Well here's the thing. If we knew your LH levels and they were low then yes that would probably be the best route to go. But we don't know, your LH levels might be normal. And if that's the case I'm not sure another pct is gonna be very benifical. All you'll be doing is stimulating your pituitary to produce more LH which is unecessary because your levels are already normal. The few studies I've read when they administer exogenous testosterone to people showed that that the problem with recovery was due to leydeg cells ( cells that produce testosterone) becoming desensitized to LH. In a normally functioning hpta without getting into the first step of the process the pituitary releases LH which then signals the leydeg cells in your testes to produce testostrone. So these studies showed that LH and FSH levels returned to normal after about 3 weeks after they stopped giving them testosterone but test levels did not begin to rise for many more weeks because the ones leydeg cells were not responding to LH. So all you can do in this situation is wait.

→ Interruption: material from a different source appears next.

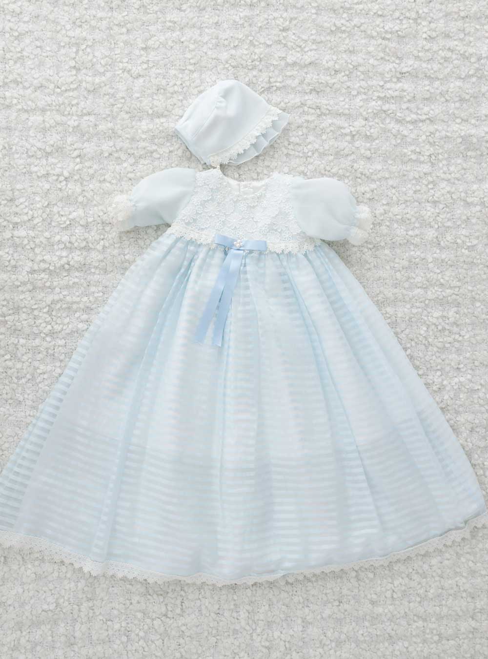 淡い水色が可愛らしいドレスです。上身頃には花模様のレースが使用されとても上品な印象です。セットの帽子や袖口にもレースが施されています。スカート部分はボーダーラインのデザインで透け感のある生地感でふんわりと優しい雰囲気です。切り替え部分のリボンにはパールが付いておりポイントになっています。シンプルなデザインなので男の子にも人気の1着です。

So bottom line is we need those numbers. So one route is you get the blood tests and they show normal levels of LH and FSH so then all you can do is wait. Or it shows low levels so you start another pct. Or you don't do that and just do another pct but it doesn't do anything because the problem is not originating at the pituitary but because of this desensitization occurring in your testes. So then you wasted money running the pct.i if it was me I would get the blood tests. You don't need to go to your doctor, go to labsmd.com or privatemedlabs.com and get the female hormone panel. At privatemedlabs it's only like 45 bucks with the 15% off discount code you can find online.
Didnt this article state that even one shot of nandrolone could damage hpta amd cause low t? I rememeber reading this too. Definitely need caber and hCG when using 19-nors.